Ele também faz atividade física uma vez por semana. No domingo à noite, após a missa das 19h, ou na segunda de manhã, o líder religioso dirige de carro até o município de Santa Cruz de Goiás, a 120 km de Goiânia, onde caminha a pé por horas a fio em meio à vegetação do cerrado goiano.
A companhia de suas andanças é canina: seis vira-latas que ele resgatou nos arredores da Paróquia de São José. Tuca é uma delas. Enquanto o padre atendia uma fiel, o animal entrou na igreja para fugir do barulho de fogos de artifício na rua. Dormiu sob seus pés e, no final do atendimento, acompanhou o padre até sua casa. "Depois disso, nunca mais me abandonou."
Padre também faz terapia e incentiva fiéis a buscarem ajuda profissional
Para Donizeth, conversar com os fiéis sobre a "saúde da alma" é tão importante quanto falar sobre a saúde do corpo. O sacerdote acredita que as igrejas devem ser proféticas, levando o conhecimento de Deus às pessoas, mas também terapêuticas, onde o fiel possa encontrar uma rede de apoio e acolhimento.
"Quando um fiel apresenta suas infelicidades e sofrimentos, o discernimento espiritual significa ajudá-lo a identificar a origem dessas desordens e ver onde isso começou para que não se retroalimentem", diz ele. "Mesmo quem vive as maiores desordens na alimentação ou na forma de se relacionar com o próximo sonha em ter paz."
Se o problema compartilhado pelo fiel é de ordem psicoemocional, o padre diz que não hesita em recomendar a busca por ajuda especializada.

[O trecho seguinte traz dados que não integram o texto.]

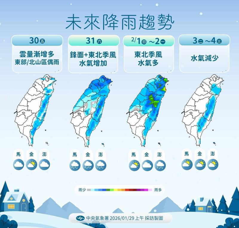 鋒面影響,週六(1/31)開始降溫下雨,苗栗以北從清晨到上午就會逐漸有降雨,宜蘭、花蓮則是上午到中午會逐漸轉為有雨的天氣,中部地區與台東中午過後到下午也會陸續開始下起雨來,南部地區則是傍晚或入夜後才有局部短暫降雨。

Eu digo 'olha, eu posso te ajudar, mas hoje nós temos ferramentas bem mais eficazes do que a opinião de um padre sobre o campo psíquico, então procure a psicologia, porque as ciências nos dão ferramentas concretas para ajustar esses conflitos'. Padre Antônio Donizeth do Nascimento
Ele próprio faz terapia há alguns anos e diz que o efeito das sessões têm uma semelhança com seus discursos durante a missa. "Quantas vezes saio da terapia bravo com o terapeuta, assim como as pessoas saem da igreja depois de me ouvir", brinca.
Para o padre, uma boa pregação tem que ser "profundamente desconfortável" tanto para o pregador quanto para o ouvinte. "O fiel tem que sair da igreja dizendo 'tô com raiva, mas é uma raiva que me ajuda a enfrentar os meus problemas e me tornar uma pessoa melhor'."